Democratic Votes Against Pelosi Highest In Almost 100 Years
While the 19 Democrats who chose to vote for someone other than Nancy Pelosi for Speaker yesterday may not seem large, it represented the largest such defection since before World War I:
With 19 Democrats withholding support from Nancy Pelosi for House speaker on Wednesday, it represented the largest defection from a party’s speaker nominee in nearly a century.
The resistance in the Democratic Party to back now-former Speaker Pelosi (D-Calif.) in the ceremonial first vote of the 112th Congress registered higher than at any point since 1913, according to data from the Congressional Research Service.

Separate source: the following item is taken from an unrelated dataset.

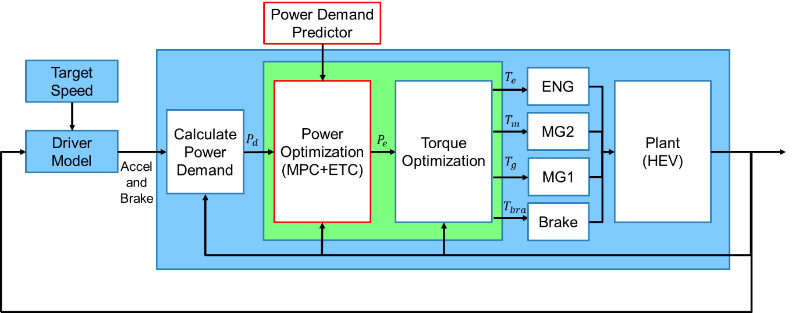 本研究ではエネルギーマネジメントの目的を「soc(State Of Charge)を維持しながら、燃料消費量を最小化すること」とする。また、図1に示すようにパワー最適化器(Power Optimization)では、上流で計算されたドライバーの要求パワーPdriver(t)をもとにエンジンパワーPeng(t)の最適値を計算する。そして、求めたエンジンパワーPeng(t)の最適値をもとに、トルク最適化器(Torque Optimization)でエンジン、モータ、発電機のトルクを計算する。さらに、トルク最適化器で求めたトルクをそれぞれの目標値とし、各コンポーネントでスロットル開度やモータ電流などの具体的な指令値を計算する構成となっている。本研究では、パワー最適化器において提案するロバスト予測制御を使用し、トルク最適化器はHEVモデルに付属されている見本のルールベースのコントローラをそのまま用いる。

That year, which happens to be the last year for which records are available, featured 23 votes for Republicans other than that party’s speaker nominee. Of the 19 Democrats who didn’t support Pelosi on Wednesday, 18 voted for other Democrats and one voted “present.”
In no other election in between do the numbers approach those two races (with an asterisk next to 1923, when 22 votes were cast for other Republicans on the first of nine ballots; by the ninth and final ballot, though, there were only two defectors).
Back in the 1920s, though, defections were much more common. Since 1945, only seven such protest votes have been lodged — total.
Of the 18 Democrats voting for other candidates yesterday, 11 voted for Rep. Heath Shuler (D-N.C.), two voted for Rep. John Lewis (D-Ga.) and five voted for other Democrats. The seven candidates receiving votes is more than any other race on record.
It also made Heath Shuler more popular in Washington, D.C. than he was in his days as a Redskins Quaterback.
“Democratic Votes Against Pelosi Highest In Almost 100 Years”
She’s pretty damn good-looking for someone that old.
How many of the defectors had fought even half as hard as Pelosi, I wonder?